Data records
───
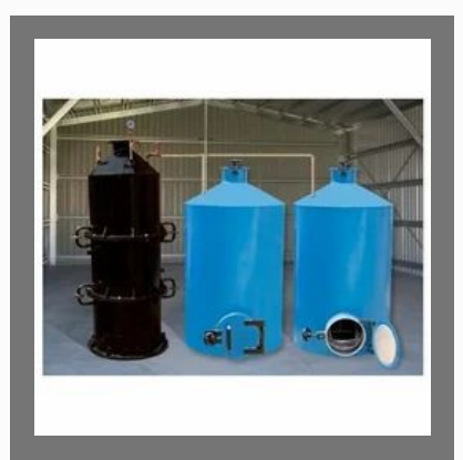
Non-IBR Type Cashewnut Boiler
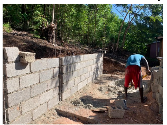
Building the Structure
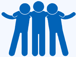
Caring for relatives
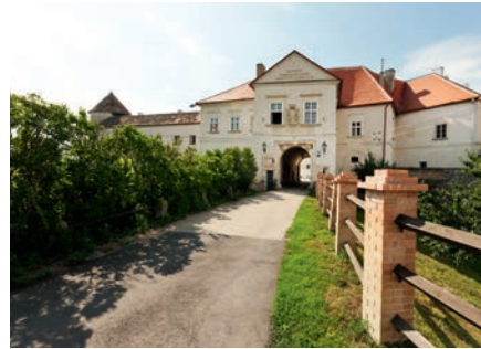
Castle winery of the Sovereign Order of Malta Weinviertel Mailberg
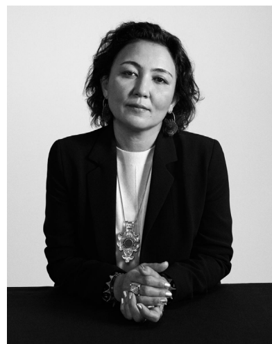
Portrait of Saodat Ismailova

Saodat Ismailova is an artist and filmmaker based in Paris whose work weaves together personal and collective memories, myths, and rituals within everyday life, evoking the multiple histories of Central Asia. She studied at the Tashkent State Institute of Arts, at Fabrica, and at Le Fresnoy – Studio national des arts contemporains. She has recently held solo exhibitions at Pirelli HangarBicocca (2024–2025), at the EYE Filmmuseum (2023), and at Le Fresnoy – Studio national des arts contemporains (2023). Her work has been presented at the Venice Biennale (2013, 2022), at documenta fifteen (2022), as well as at major international film festivals. In 2021, she founded DAVRA, a collective dedicated to cultural knowledge and research on Central Asia.
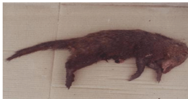
Plate 4: A Cusimanse mongoose Crossarchus obscurus from the hunters bag, shot by a hunters gun.
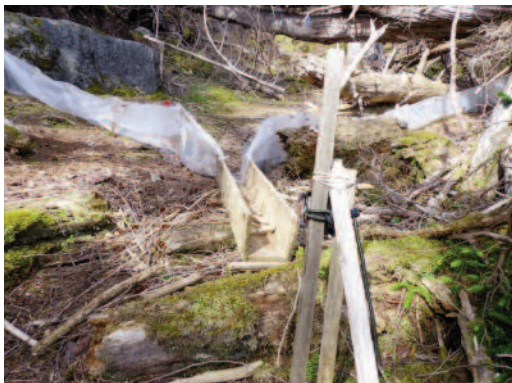
FIGURE 3. Set up for recording, showing a motion-detector camera, plastic funnel fences, and an exit trough.

The time at which chicks were photographed was compared with the time of capture of chicks in funnels 1–4 in earlier years, using the period 1996–2003, during which the population was relatively stable after a period of population decline caused by Raccoon ( Procyon lotor ) predation (Gaston and Descamps 2011) and before another period of decline after 2003. All times are given in Pacific Daylight Time (GMT + 9 h). Changes in numbers of chicks recorded between 2013 and 2014 at the reconstructed funnels 3 and 4 were compared with numbers recorded at funnels 5 and 6, where the catchment area was less affected by fallen trees (Figure 1).
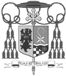
Office of the Archbishop
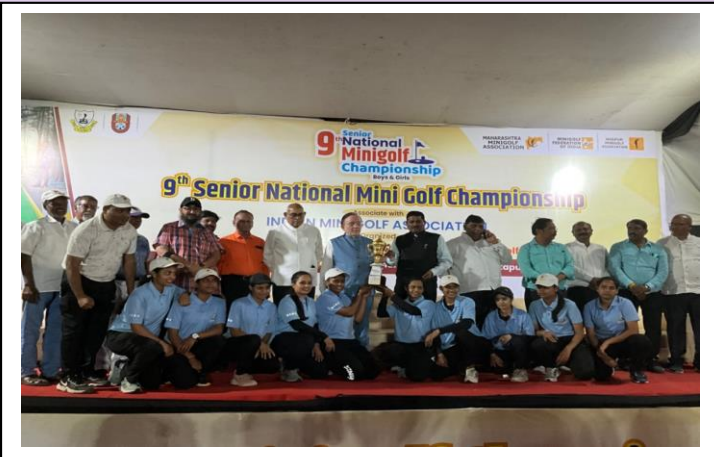
9th National Mini Golf Championship was held at Nagpur Maharashtra in which 4 students of our school were selected to represent MP Team for this tournament.
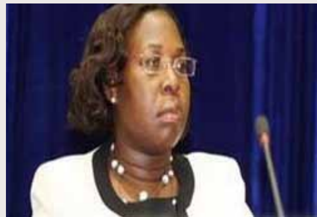
Mozambican Justice Minister, Mrs Benvinda Levy

Even if Mozambique is not a member of AOMA we find it important that we bring you the news of the establishment of the Ombudsman Office in that country, as Mozambique has been an interested participant in the programmes of AOMA. We hope to welcome Mozambique into the AOMA family of nations soon.
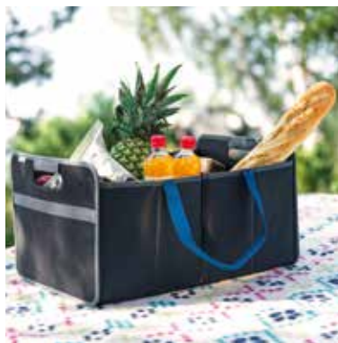
Trunk organizer, foldable
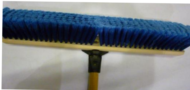
New soft Body Shop sweep head
───
### What the exercise asks:
Output all of the entries once more, word for word, with the images removed.

### Expected answer:
Non-IBR Type Cashewnut Boiler
Building the Structure
Caring for relatives
Castle winery of the Sovereign Order of Malta Weinviertel Mailberg
Portrait of Saodat Ismailova

Saodat Ismailova is an artist and filmmaker based in Paris whose work weaves together personal and collective memories, myths, and rituals within everyday life, evoking the multiple histories of Central Asia. She studied at the Tashkent State Institute of Arts, at Fabrica, and at Le Fresnoy – Studio national des arts contemporains. She has recently held solo exhibitions at Pirelli HangarBicocca (2024–2025), at the EYE Filmmuseum (2023), and at Le Fresnoy – Studio national des arts contemporains (2023). Her work has been presented at the Venice Biennale (2013, 2022), at documenta fifteen (2022), as well as at major international film festivals. In 2021, she founded DAVRA, a collective dedicated to cultural knowledge and research on Central Asia.
Plate 4: A Cusimanse mongoose Crossarchus obscurus from the hunters bag, shot by a hunters gun.
FIGURE 3. Set up for recording, showing a motion-detector camera, plastic funnel fences, and an exit trough.

The time at which chicks were photographed was compared with the time of capture of chicks in funnels 1–4 in earlier years, using the period 1996–2003, during which the population was relatively stable after a period of population decline caused by Raccoon ( Procyon lotor ) predation (Gaston and Descamps 2011) and before another period of decline after 2003. All times are given in Pacific Daylight Time (GMT + 9 h). Changes in numbers of chicks recorded between 2013 and 2014 at the reconstructed funnels 3 and 4 were compared with numbers recorded at funnels 5 and 6, where the catchment area was less affected by fallen trees (Figure 1).
Office of the Archbishop
9th National Mini Golf Championship was held at Nagpur Maharashtra in which 4 students of our school were selected to represent MP Team for this tournament.
Mozambican Justice Minister, Mrs Benvinda Levy

Even if Mozambique is not a member of AOMA we find it important that we bring you the news of the establishment of the Ombudsman Office in that country, as Mozambique has been an interested participant in the programmes of AOMA. We hope to welcome Mozambique into the AOMA family of nations soon.
Trunk organizer, foldable
New soft Body Shop sweep head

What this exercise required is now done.